Course:CPSC522/Generative Adversarial Networks talks about GANs in general and focuses on an application of these architectures.

## Content

### Introduction and background

#### Image-to-Image translation

Image to image translation from edges to shoes[3]

Image-to-image translation is the task of translating a given image into a corresponding output image. It can be viewed as a generative problem, where the output image is generated in a controlled way, conditioned by the input image. Automatic image-to-image translation is “the task of translating one possible representation of a scene into another, given sufficient training data[3].

Several problems in image processing, computer vision and computer graphics can be formulated as image-to-image translations. Examples of applications of image-to-image translation are style transfer, season transfer, object transfiguration, image colorization, generation of semantic labels from images[3], image super-resolution[4] and domain adaptation[5]. These problems can be solved using application-specific methods, resulting in highly-specialized models. However, they are all instances of the same problem, that can be reduced to the task of mapping pixels to pixels. For this reason it is useful to study a general purpose technique that allows one to use the same architecture and loss function for several specific applications. Conditional GANs can be useful for this purpose.

#### GANs

High-level structure of a GAN[6]. Generally the generator G is seeded with randomized input sampled from a predefined latent space.

Generative Adversarial Networks (GANs)[2] are a class of machine learning methods for training generative models. The typical architecture of a GAN is composed of two neural networks:

• A generator (G) that generates new convincing samples; it tries to make them indistinguishable from real samples
• A discriminator (D) that classifies each given sample as either fake (i.e. synthesized by the generator) or real.

During the training process, these two models are trained together in an adversarial fashion. The generator tries to synthesize images that fool the discriminator, and the discriminator tries to distinguish the generator’s outputs from real images. In this setting, improvements in the discriminator come at the cost of a reduced capability of the generator and viceversa .

GANs overcome a major issue of conventional Neural Networks (NNs), i.e. the need of finding an effective loss specific for the task. In NNs, the learning process is automatic, but the proper loss for the task must be designed manually. On the other hand, it is possible to formulate the high-level aim of a GAN as the general task of synthesizing data that is indistinguishable from reality. This is the general aim of a whole GAN network, and the loss function adopted in conventional GANs derives from this goal. During training, the GAN learns a loss appropriate for discriminating whether an image is real or fake (discriminator), and it simultaneously trains a generative model to minimize this loss (generator). GANs learn a loss that adapts to training data, hence they can be applied to a broad set of tasks that require different loss functions.

### Conditional GANs

#### From GANs to cGANs

GANs have been successfully used for image synthesis, for generating new examples of images for a given dataset. However, GANs provide no control on modes of the data in the output domain; conditioning the model on additional inputs allows one to direct the data generation process.[1]

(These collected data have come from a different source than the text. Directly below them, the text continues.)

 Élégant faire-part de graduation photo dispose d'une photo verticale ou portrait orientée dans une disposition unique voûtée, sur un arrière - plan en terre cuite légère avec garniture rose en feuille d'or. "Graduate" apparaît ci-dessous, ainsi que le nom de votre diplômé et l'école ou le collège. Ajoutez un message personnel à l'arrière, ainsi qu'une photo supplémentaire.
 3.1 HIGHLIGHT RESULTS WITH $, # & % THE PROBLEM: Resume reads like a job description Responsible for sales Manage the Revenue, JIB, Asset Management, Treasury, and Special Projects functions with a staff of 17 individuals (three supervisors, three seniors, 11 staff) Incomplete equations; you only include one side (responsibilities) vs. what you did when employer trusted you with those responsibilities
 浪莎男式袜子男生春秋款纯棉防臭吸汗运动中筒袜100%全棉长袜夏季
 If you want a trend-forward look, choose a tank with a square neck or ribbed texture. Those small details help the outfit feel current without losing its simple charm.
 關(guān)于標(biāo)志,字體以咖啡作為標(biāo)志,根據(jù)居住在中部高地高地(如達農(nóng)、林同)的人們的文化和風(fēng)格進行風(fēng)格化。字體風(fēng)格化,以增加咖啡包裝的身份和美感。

While GANs learn a generative model of data, conditional Generative Adversarial Networks (cGANs) learn a conditional generative model. A simple example of conditioning in computer vision can be image generation conditioned on a class label; this allows one to synthesise output images of a given type, controlled by the class label input.

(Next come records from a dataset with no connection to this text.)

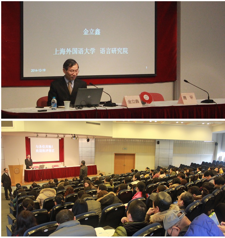 讲座中,金立鑫教授首先讲到语言是一门科学。语言学的研究对象是人类语言,语言学研究的两个终极目标是解决人类语言或者某一种具体的语言到底是什么样子以及人类某一具体的语言为什么会如此的问题。当然,金教授针对这两个终极目标为我们做出了解答,即:一是通过描写来揭示语言的样态,二是通过解释来阐述语言到底是为什么会是这个样子的问题。金教授指出,只要每一种语言的语言学家描写好自己的母语,并把它贡献出来,那么每一位语言学家都将有机会看到世界语言的全貌。因此,金教授指出用世界语言学界共同的工具描写好自己的母语是每一位语言学家的责任和义务。我们从中也看到了作为一个学者肩上所承担的责任。紧接着,金教授又对中国语言学界长期纷乱不争的几个问题进行了深入的讨论,其中包括VR问题、把字句问题、句首NP 问题以及VO与OV的问题等,关于这些问题的出现,他随后又探讨了语言四分类系统即汉语中的施格、通格、主格、宾格,并详细介绍了它们之间的区别的联系。最后,金教授还指出,我们学习外国语言的目的是为了掌握国外优秀的理论和方法,以便更好地为我们的母语服务。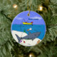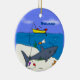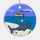 Funny sleeping shark and fishing cartoon ceramic ornament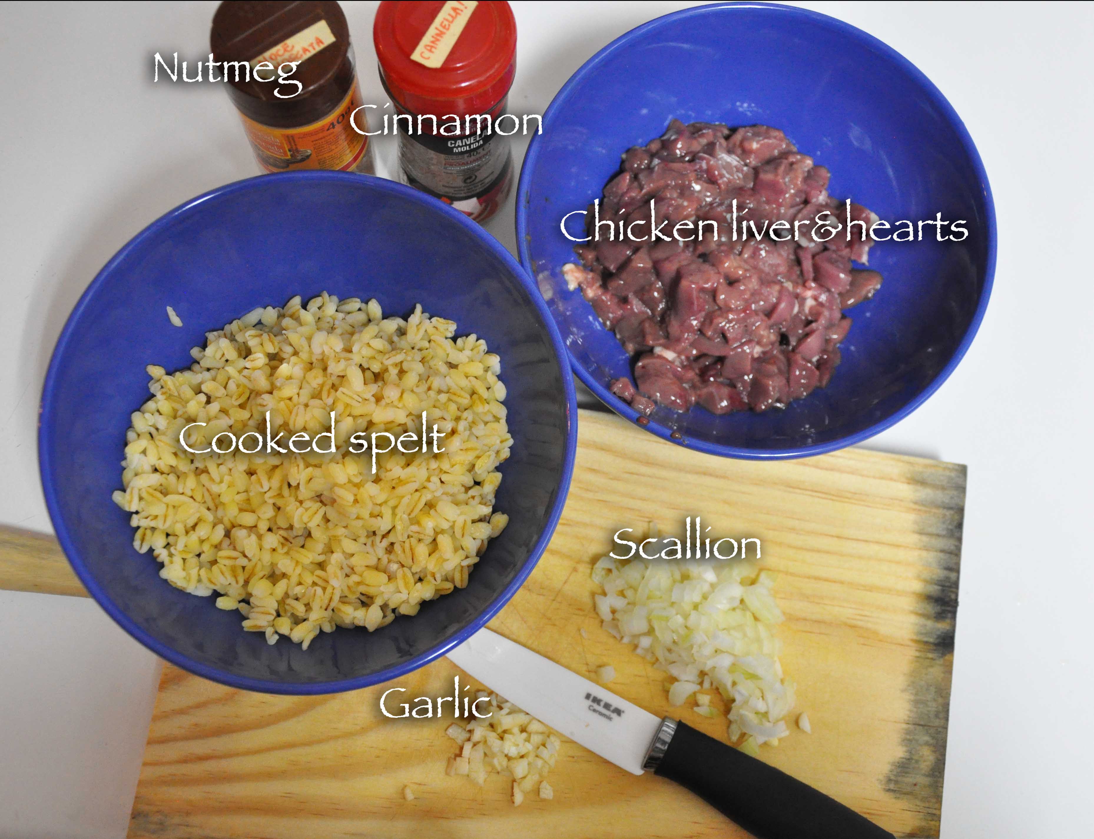 – remove from the fire and add the cooked spelt while the liver mix is still hot, so the spelt absorbs some of the taste.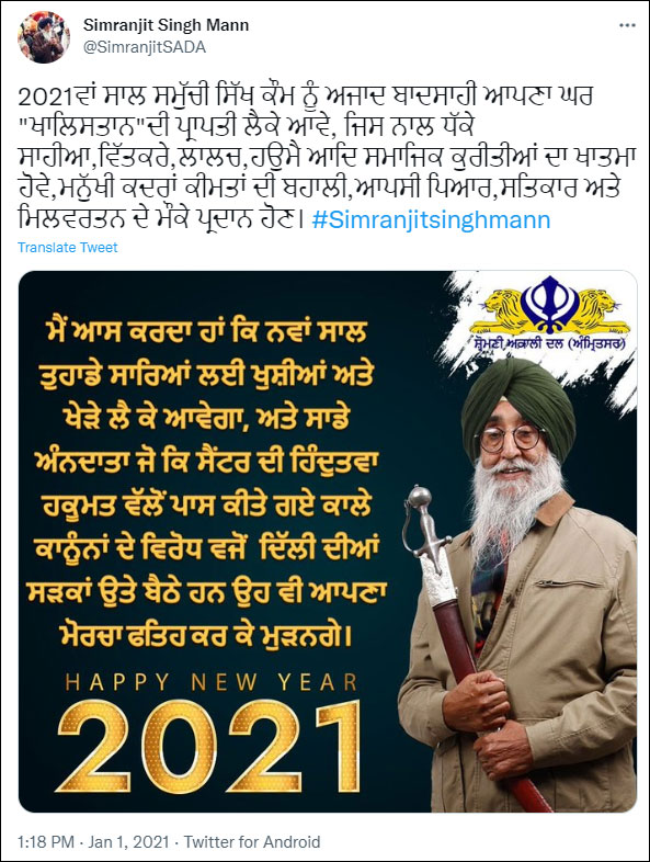 In 2021, while wishing for the new year, he said on Twitter, “May 2021 bring freedom for the Sikh community in form of ‘Khalistan’ that will eradicate social evils such as coercion, discrimination, greed, ego, etc. and restore human values, mutual love, respect, and cooperation.”

Conditional GANs are trained so that both the generator and the discriminator are conditioned on an input image. When the trained generator model is used to synthesize an image in the output domain, it is conditioned on an input image and it generates a corresponding output image. “Generative adversarial nets can be extended to a conditional model if both the generator and discriminator are conditioned on some extra information x. […] We can perform the conditioning by feeding x into both the discriminator and the generator as additional input layer[1]. This makes cGANs useful for image-to-image-translation tasks; the translation is performed between an input image, that conditions the generator, and a output image also called target image.

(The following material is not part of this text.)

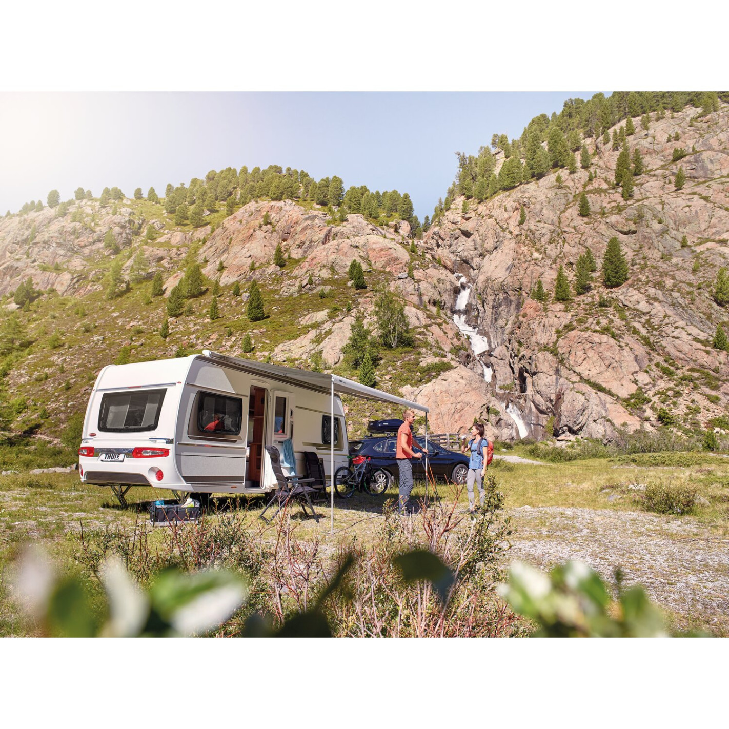 Le store 6300 Thule se monte sur le toit. Un montage sur le toit est plutôt avantageux pour les caravanes car elles peuvent laisser le rail libre pour une autre installation comme par exemple un auvent. Le système de blocage du store favorise un réglage des pieds intégrés. Il est également possible d'incliner le store afin de pouvoir ouvrir et fermer la porte coulissante du fourgon. Astucieux !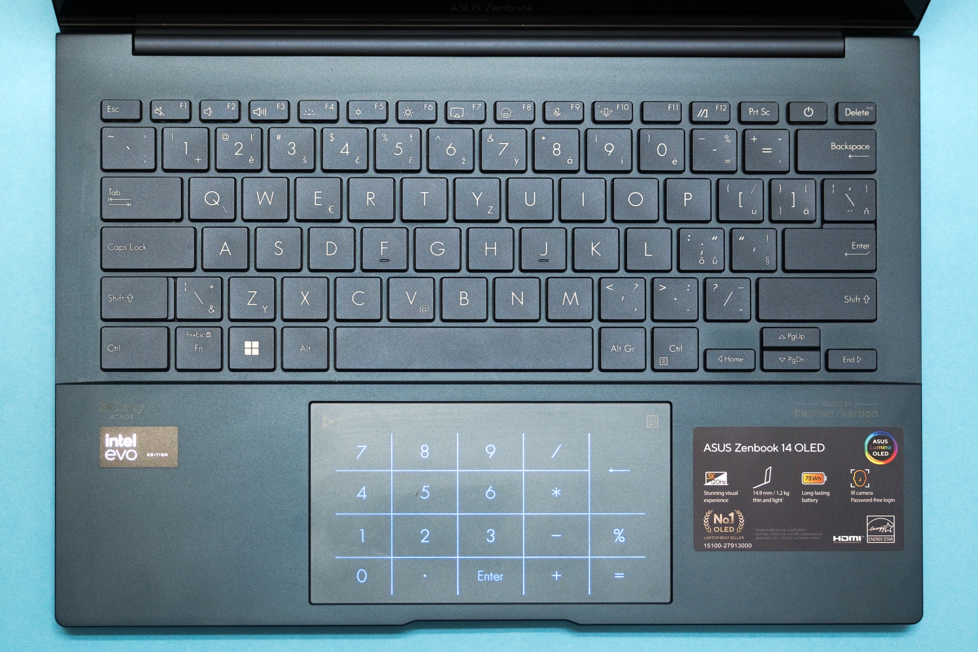 Klávesnica s podsvietením je kvalitná s príjemným zdvihom 1,4 mm, takže sa na nej dobre píše. S výnimkou kurzorových kláves, ktoré málokto používa majú alfanumerické klávesy plnú veľkosť. Touchpad s príjemným skleneným povrchom môžete prepnúť do režimu, keď je na ňom zobrazená dotyková numerická klávesnica.

Training of a cGAN to translate edges to shoes.[3]

In this setting:

• The generator G is given an input image ${\displaystyle x}$, and synthesizes a translated version of the image ${\displaystyle G(x)}$belonging to the output domain
• The discriminator D is given an input image ${\displaystyle x}$and a real or synthesized paired image ${\displaystyle y}$, and must determine if this pared image is real or fake.

The generator model is trained to fool the discriminator, like in classic GANs, but also to minimize the loss between the generated image and the expected target image. Hence the training process requires a dataset of pairs; each pair consists of one input image and the relative target image. The reason for this choice is explained later in this page.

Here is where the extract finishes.